BEGIN

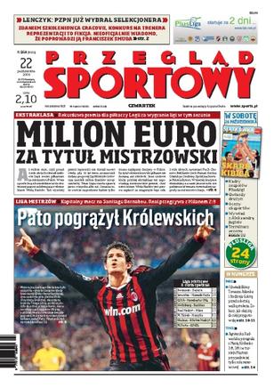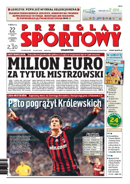 Aż milion euro obiecali szefowie Legii Warszawa swoim piłkarzom za wywalczenie w tym sezonie mistrzostwa Polski; wywiad z Orestem Lenczykiem, trenerem Cracovii; AC Milan pokonał Real Madryt 3:2; według ekspertów Andrzej Gołota w walce z Tomaszem Adamkiem może mieć wielkie problemy; Agnieszka Radwańska odpadła z turnieju tenisowego w Moskwie; w koszykarskiej Eurolidze Prokom Gdynia przegrał z Oldenburgiem 81:87.
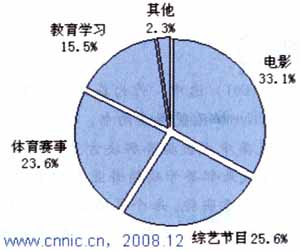 同時(shí),CNNIC還指出,在手機(jī)視頻用戶關(guān)注的內(nèi)容中,電影內(nèi)容位居第一,比例達(dá)到了33.1%,為手機(jī)設(shè)計(jì)的小電影節(jié)目,有很強(qiáng)的針對(duì)性,其內(nèi)容非常適合手機(jī)播放,在時(shí)間、節(jié)奏等方面,都有很好的控制,由于針對(duì)性地做了優(yōu)化,也成為手機(jī)視頻中最受用戶喜歡的業(yè)務(wù)。而綜藝節(jié)目和體育都有其特定的喜歡群體,使用關(guān)注度也非常高,分別為25.6%和23.6%。
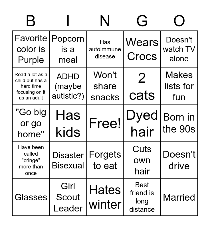This bingo card has a free space and 24 words: Disaster Bisexual, Girl Scout Leader, Won't share snacks, Glasses, Doesn't watch TV alone, Favorite color is Purple, Read a lot as a child but has a hard time focusing on it as an adult, Popcorn is a meal, Dyed hair, Forgets to eat, 2 cats, "Go big or go home", Cuts own hair, Doesn't drive, ADHD (maybe autistic?), Best friend is long distance, Born in the 90s, Has autoimmune disease, Makes lists for fun, Has kids, Married, Have been called "cringe" more than once, Wears Crocs and Hates winter.

END

Work to complete: The data above must be written out again word for word, without its pictures.

Response:
 Aż milion euro obiecali szefowie Legii Warszawa swoim piłkarzom za wywalczenie w tym sezonie mistrzostwa Polski; wywiad z Orestem Lenczykiem, trenerem Cracovii; AC Milan pokonał Real Madryt 3:2; według ekspertów Andrzej Gołota w walce z Tomaszem Adamkiem może mieć wielkie problemy; Agnieszka Radwańska odpadła z turnieju tenisowego w Moskwie; w koszykarskiej Eurolidze Prokom Gdynia przegrał z Oldenburgiem 81:87.
 同時(shí),CNNIC還指出,在手機(jī)視頻用戶關(guān)注的內(nèi)容中,電影內(nèi)容位居第一,比例達(dá)到了33.1%,為手機(jī)設(shè)計(jì)的小電影節(jié)目,有很強(qiáng)的針對(duì)性,其內(nèi)容非常適合手機(jī)播放,在時(shí)間、節(jié)奏等方面,都有很好的控制,由于針對(duì)性地做了優(yōu)化,也成為手機(jī)視頻中最受用戶喜歡的業(yè)務(wù)。而綜藝節(jié)目和體育都有其特定的喜歡群體,使用關(guān)注度也非常高,分別為25.6%和23.6%。
This bingo card has a free space and 24 words: Disaster Bisexual, Girl Scout Leader, Won't share snacks, Glasses, Doesn't watch TV alone, Favorite color is Purple, Read a lot as a child but has a hard time focusing on it as an adult, Popcorn is a meal, Dyed hair, Forgets to eat, 2 cats, "Go big or go home", Cuts own hair, Doesn't drive, ADHD (maybe autistic?), Best friend is long distance, Born in the 90s, Has autoimmune disease, Makes lists for fun, Has kids, Married, Have been called "cringe" more than once, Wears Crocs and Hates winter.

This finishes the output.